The Receiverships Act 1993 is silent on the powers of directors during a receivership but their powers are effectively suspended, and the day to day control of the company, together with the power to sell assets, will be assumed by the receiver.  Directors continue to be under specific obligations including to provide relevant books and documents to the receiver, and to assist the receiver as required.  26
Further options for companies with financial difficulties
Almost all corporate insolvencies in New Zealand are resolved under one of the three major processes above.  However various restructuring options are available to companies experiencing financial difficulties.
Part 14 compromises
Governed by Part 14 of the Companies Act 1993, a compromise is an agreement between a company and the various classes of creditors, and includes a compromise:
cancelling all or part of a company’s debt;
varying the rights of a company’s creditors or the terms of a debt; or
relating to an alteration of a company's constitution that affects the likelihood of the company being able to pay a debt.

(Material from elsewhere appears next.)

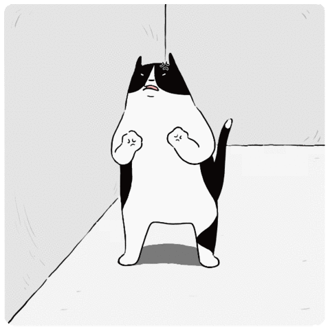 An angry black and white cartoon cat stands in a corner, clenching its fists and looking extremely annoyed and frustrated.

The purpose of a compromise is to enable a company to avoid more formal insolvency procedures by trading out of its difficulties.  

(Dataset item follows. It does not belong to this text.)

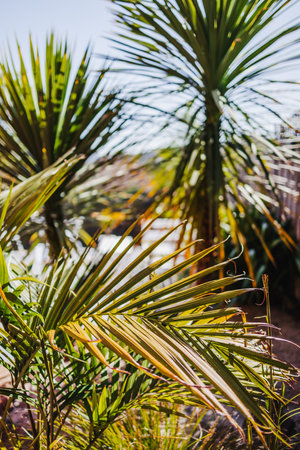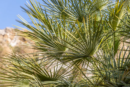 Closeup view of European fan palm tree. Cold-hardy palm, Chamaerops humilis. Selective focus. Tropical green background with copy space

Most compromises have two basic features: 
creditors will be repaid in full or in part over a period;
when they are paid in part, the creditors write off the balance of the debt. 
Compromises may be proposed by the board of directors of a company, a receiver appointed in relation to the whole or substantially the whole of the assets and undertaking of the company, a liquidator of the company, or with the leave of the court, by any creditor or shareholder of the company.  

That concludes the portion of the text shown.